Kingsbridge, Ontario is a small rural community in southwestern Ontario within the municipality of Ashfield–Colborne–Wawanosh in Huron County. It is approximately 22 kilometres north of Goderich on the Bluewater Highway where it intersects with Kingsbridge Line. The area around Kingsbridge was settled in 1839 by Irish immigrants from County Kerry, Ireland. During the 1840s and 1850s many more Irish families, mostly from Kerry, although some from Counties Clare, Cork, and Tipperary, settled in the vicinity. Kingsbridge was named for John King, who constructed a bridge in the area in the 1850s. The community's primary landmarks include St. Joseph's Church, an elementary school, and the former St.
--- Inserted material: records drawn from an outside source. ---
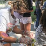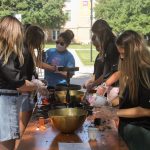 - Students finish off their succulents with colored rocks and umbrellas. (Photo by Riley Fisher)
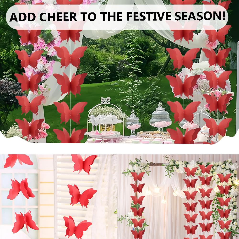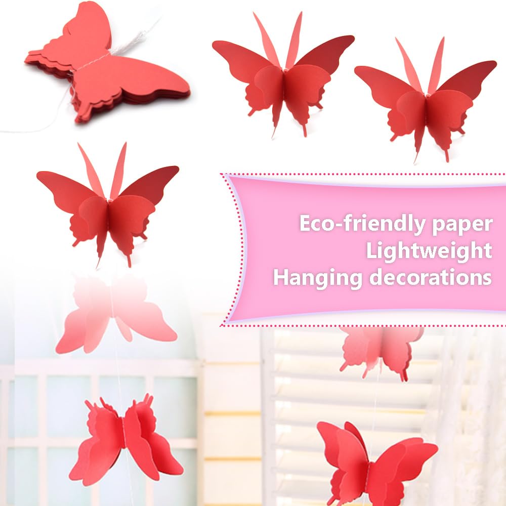 Farfalle appese a stelle filanti per feste Ghirlanda di carta a farfalla Decorazione da appendere 【Materiale】 La carta da appendere con farfalle è realizzata in carta di alta qualità, ecologica e durevole. Dimensioni: la dimensione delle farfalle è di circa 12 x 8,5 cm, ogni pezzo ha circa 18 farfalle, la lunghezza totale di ogni pezzo è di circa 2,8 m. Colore: Rosso, Quantità: 4 pezzi 【Applicazione】 La carta da appendere con farfalle è adatta a tutti i tipi di feste e celebrazioni, come feste di matrimonio, baby shower, feste di compleanno, feste di matrimonio, decorazioni natalizie, puoi anche usare queste decorazioni in mongolfiera per decorare le tue stanze dei bambini, finestre, alberi di Natale, salotti, sfondi e altro ancora.
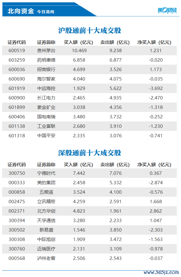 前十大成交股中,净买入额居前三的是北方华创、立讯精密、贵州茅台,分别获净买入2.86亿元、1.67亿元、1.23亿元。
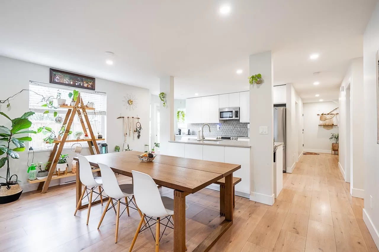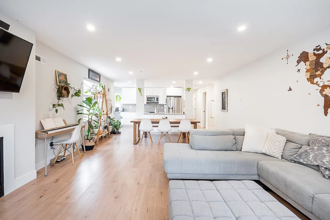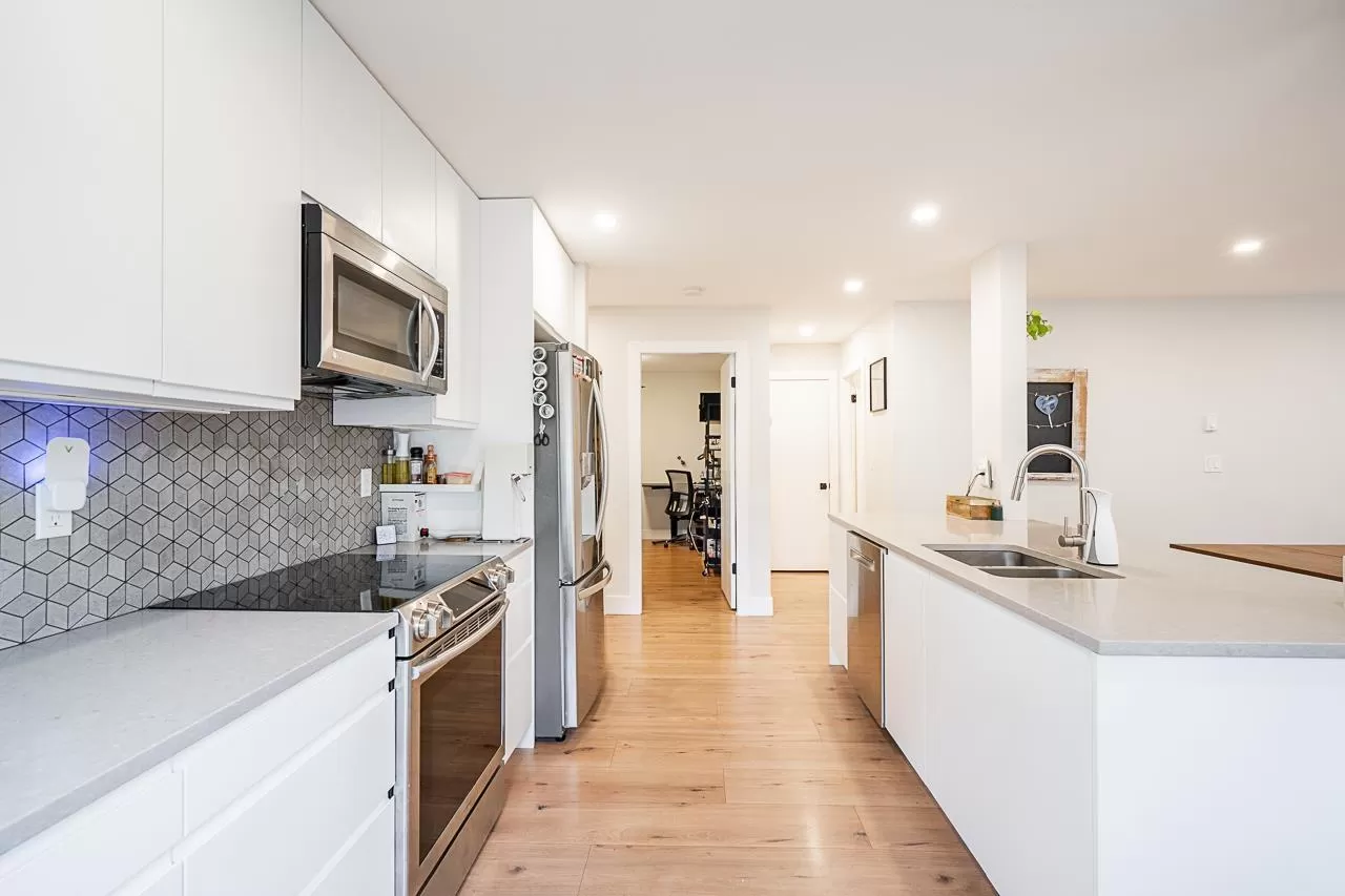 Renovated bright and spacious ground-level end unit townhouse in Fleetwood. Rancher style living at its best with this well-appointed 2 bedroom plus den (could be 3rd bedroom), 2 bathroom home. Features an open-concept great groom with recent updates throughout including new floors, kitchen cabinets with quartz counters and tile backsplash, paint, designer light fixtures, mouldings and stainless steel appliances. Lovely backyard with covered patio and BBQ area perfect for entertaining. Parking includes a single car garage, open parking and visitor parking. Do not miss the opportunity to live in a quiet area of Fleetwood, yet so close to all amenities and future Skytrain! (id:27476)
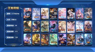贵族等级:v8皮肤数:273传说品质20 生肖限定10 无双1 珍品传说2 荣耀典藏2 英雄数:128
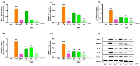 The anti-inflammatory properties of EBE were measured in LPS-treated RAW264.7 cells. At a concentration of 300 µg/mL, EBE showed no signs of possible cytotoxicity in RAW264.7 cells (Figure 7A). EBE reduced LPS-induced NO generation. When comparing the 300 EBE to the control, there was an NO decrease (Figure 7B). EBE reduced the levels of NO, demonstrating strong anti-inflammatory properties. Figure 7C–J illustrates how EBE and DEX 1 reduced the levels of MMP-1, MMP-13, IL-1β, TNF-α, IL-6, COX-2, Ptger2, and NOS2 mRNA expression. The anti-inflammatory properties of EBE in LPS-induced RAW264.7 cells were examined using Western blotting. As seen in Figure 7K–P, EBE administration of LPS-stimulated RAW264.7 cells suppressed the protein production of proinflammatory cytokines, including MMP-1, MMP-13, IL-1β, TNF-α, IL-6, and NOS2. EBE decreased the expression of MMP-1, MMP-13, IL-1β, TNF-α, IL-6, COX-2, Ptger2, and NOS2, as shown by the Western blot images. Notably, EBE showed comparable anti-inflammatory benefits to the positive control against all cytokines.
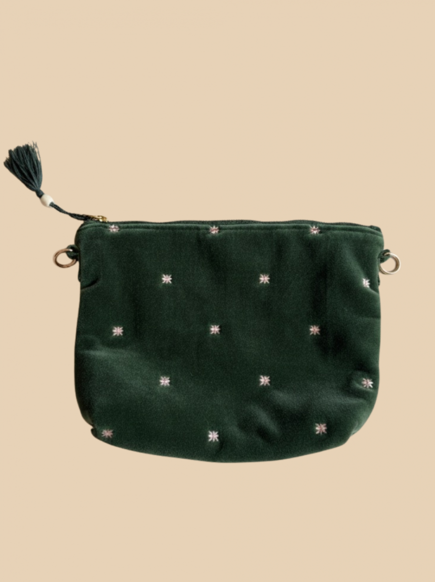 Son style bohème étoilé et sa matière en velours rappellent les vestes karma de la capsule Talisman. Deux anneaux dorées vous permettent d'y fixer une hanse afin de choisir de la porter épaule ou bandoulière la journée, pour plus de praticité.
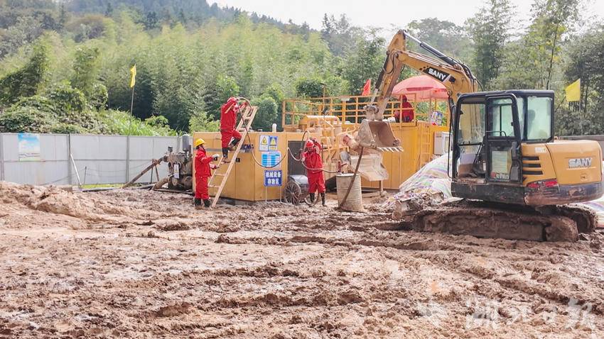 10月26日,在崇阳县桂花泉镇的吉家坡定向钻穿越工程现场,工作人员正在对山体进行定向钻穿越。由于山体地质条件复杂,对定向钻有极强的挑战。
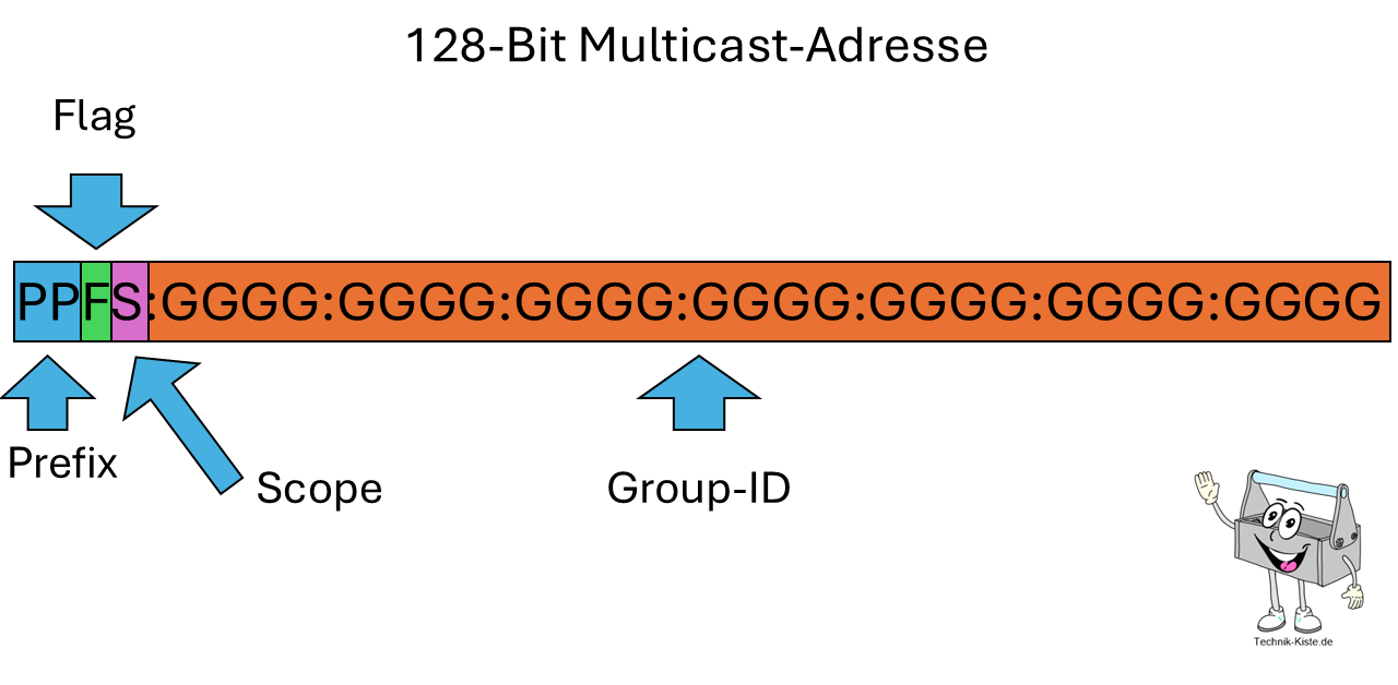 Aufbau von IPv6-Multicast-Adressen. Quelle: Technik-Kiste.de
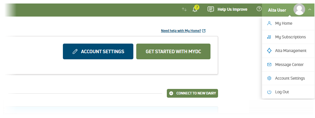 On the Alta Management page, you can view your Dairies and Bull list, as well as edit your dairy's currency, manually add bulls, and more. Access the Alta Management tools for PULSE's genetic planning tool by selecting Alta Management from your user menu at the top right of the page. If you have more permissions, you may see additional tools.
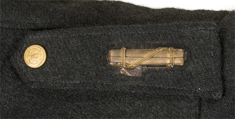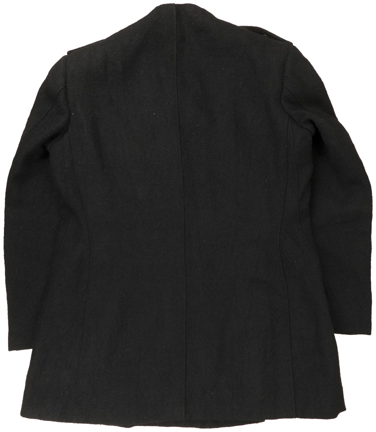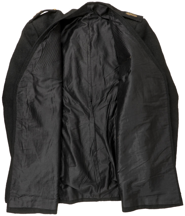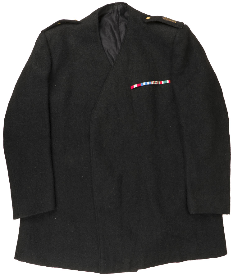 3. The heavy orbace jacket has a 50" chest and measures 90cm in length from the shoulder seam to the hem. A pair of heavy, button shoulder boards are sewn to either side of the neckline that bear a bullion "fasces" symbol with a gilt button. A four place ribbon bar is sewn to the left breast. The wool is in very good condition.
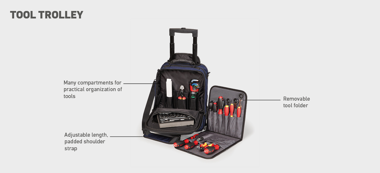 Cases as textile solutions protect the tools inside with panels and foams, provide stability and create good storage options. A typical example is the case for a drill or cordless screwdriver.
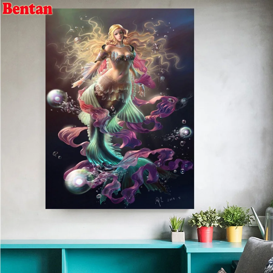 5d алмазная живопись сделай сам, принцесса Русалка, жемчуг, алмазная вышивка, полная круглая мозаика, инкрустированный алмазами узор, подарок для детей

Joseph's convent. The community overlooks Lake Huron and is surrounded by rich farmland.

== History ==
=== Religion ===
The first priest to visit the area was missionary Father Giveney, who baptized children and held the first mass in what is now Port Albert. Mass was said in Morgan King's cabin until the first church was erected. Father Wassereau built the first church, a white frame structure without a floor, around 1860, and it stood until the church was rebuilt in 1887. As the population in the area greatly increased, more capacity was needed, and the new church was larger and included a belfry. The current red brick church was completed in 1905, and held its first mass on October 22, a tradition that ended on October 21, 2012, when the church was closed by the London diocese due to the building being "unsafe". A group of local citizens formed a charity, the St. Joseph's Kingsbridge Community, which has effectively purchased the church and rectory, and will be using them for cultural events, in order to preserve the rich history and strong community.

===School===
A small Catholic school was built next to the Church, and was running for many years, but closed in June 2006 due to the low number of students. The building still stands, but is privately owned.

== Kingsbridge Wind Power Project ==

The Kingsbridge Wind Power Project is a 39.6 MW wind farm that is located in and around the area of Kingsbridge. It consists of 22 turbines and provides power for approximately 12,500 homes.